During the fNIRS data collection procedure, first the fNIRS sensor was placed on the forehead of the recruited participants. A standardized sensor placement procedure based on landmarks from the international 10–20 system was implemented [52, 53] where middle of the sensor was aligned with the nose horizontally and the bottom of the sensor was placed above the eyebrows vertically. Testing was conducted in a quiet room. Participants wore comfortable footwear and performed the task protocol with the fNIRS sensor attached to their forehead during the overall data collection period.

3.2 Data Pre-processing

First, visual inspection was performed on individual data from all voxels to identify and eliminate the ones with saturation, dark current conditions or extreme noise. Then to eliminate spiky type noise, wavelet denoising with Daubechies 5 (db5) wavelet was applied to the raw intensity measurements at 730 and 850 nm wavelengths as proposed in [54] and widely applied in fNIRS studies [55]. The artifact-removed raw intensity measurements were then converted to changes in HbO2 and Hb using modified Beer-Lambert law (MBLL) [20, 30, 56]. In MBLL, previously published values for conversion parameters i.e. wavelength and chromophore dependent molar extinction coefficients ( $\epsilon$ ) and age and wavelength adjusted differential pathlength factor (DPF) were used [20, 30, 57]. Finally, we applied Spline filtering [58] followed by a finite impulse response low-pass filter with cut-off frequency at 0.08 Hz [20, 59] to HbO2 and Hb data separately to remove possible baseline shifts and to suppress physiological artifacts such as respiration and Mayer waves.

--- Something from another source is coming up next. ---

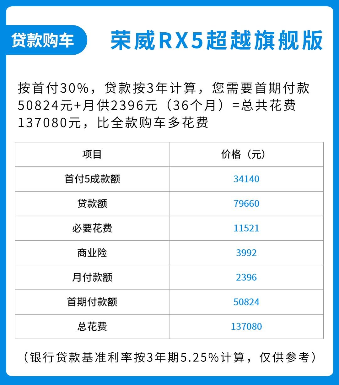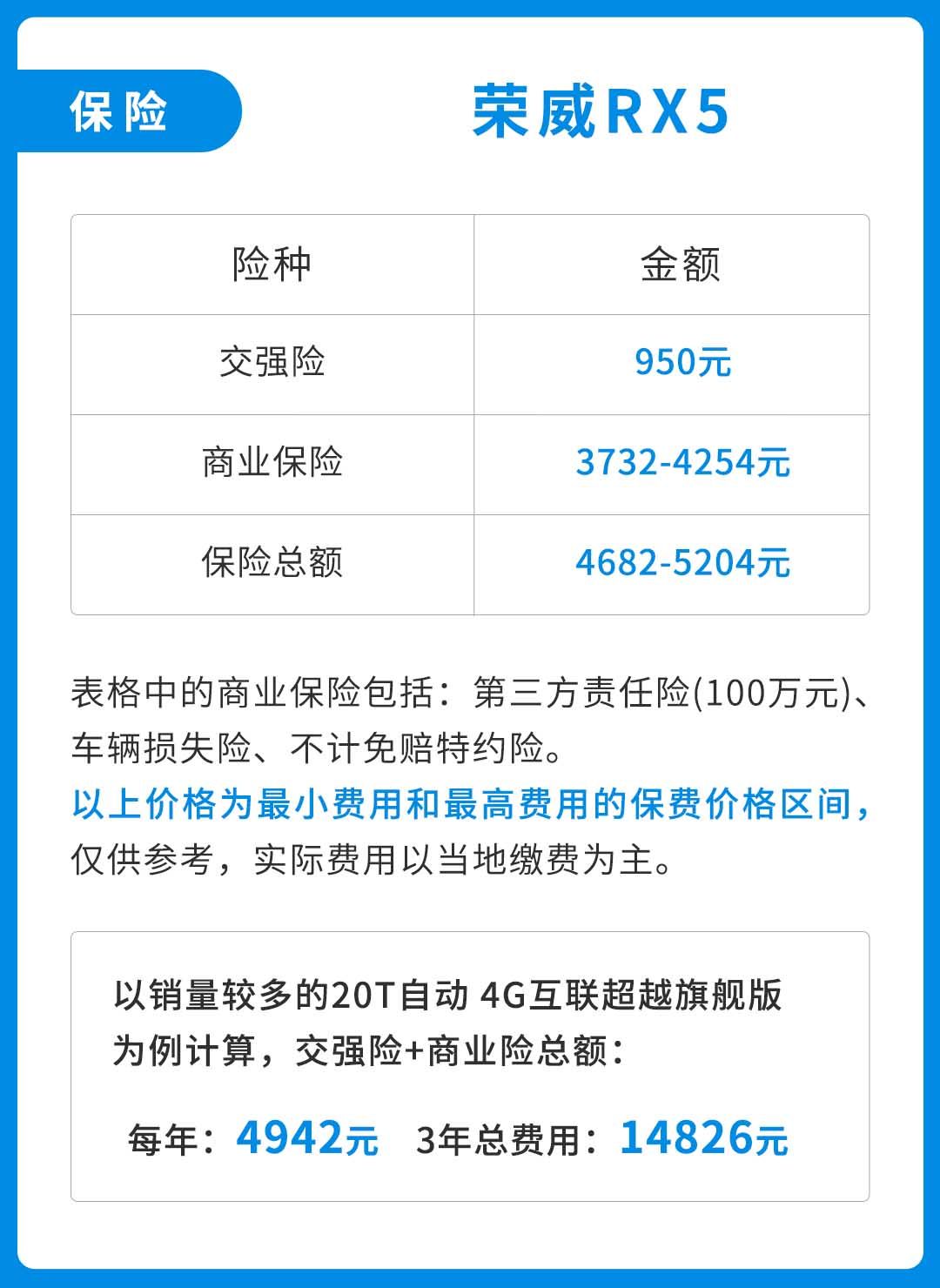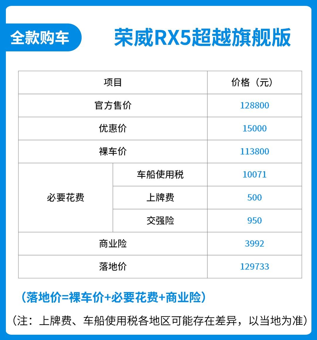 在全款购车的情况下,荣威RX5超越旗舰版的最终落地价为129733元。(注:保险包括交强险和商业险,其中商业险包括第三方责任险(100万)、车损险、不计免赔特约险)

Data epochs corresponding to each task condition, STW, STA and DTW, were extracted to be used in further processing for feature extraction and machine learning model generation for automatic activity classification. fNIRS data acquisition and the electronic walkway system for gait analysis were synchronized using a central “hub” computer with E-Prime 2.0 software where time stamps of start and end points for each baseline and task condition were marked and recorded [27, 28, 13, 14, 15, 16, 17, 18, 19, 20]. In order to correctly extract the data epochs during the exact walking task execution periods, a second level processing time synchronization method was implemented. The HbO2 and Hb data epochs corresponding to time interval between the first recorded foot contact with the walkway until the end of the 6th and final straight walk algorithmically determined by PKMAS as previously described in [26] were extracted for STW and DTW conditions. Finally, proximal 10-second baselines administered prior to each experimental task were used to determine the relative task-related changes in the extracted HbO2 and Hb data epochs for each of the task condition using the previously described baseline correction method (subtracting the average value of the proximal baseline region data from the following task epoch data) [27, 28, 13, 14, 15, 16, 17, 18, 19, 20]. We then used HbO2 and Hb data epochs in DTW, STW and STA tasks in further feature extraction and machine learning model development to automatically classify these three tasks in this work.

3.3 Feature Engineering

In this sub-section, we first show the statistical analysis across and within subjects, then present the feature engineering including input formulation for subsequent deep learning algorithms.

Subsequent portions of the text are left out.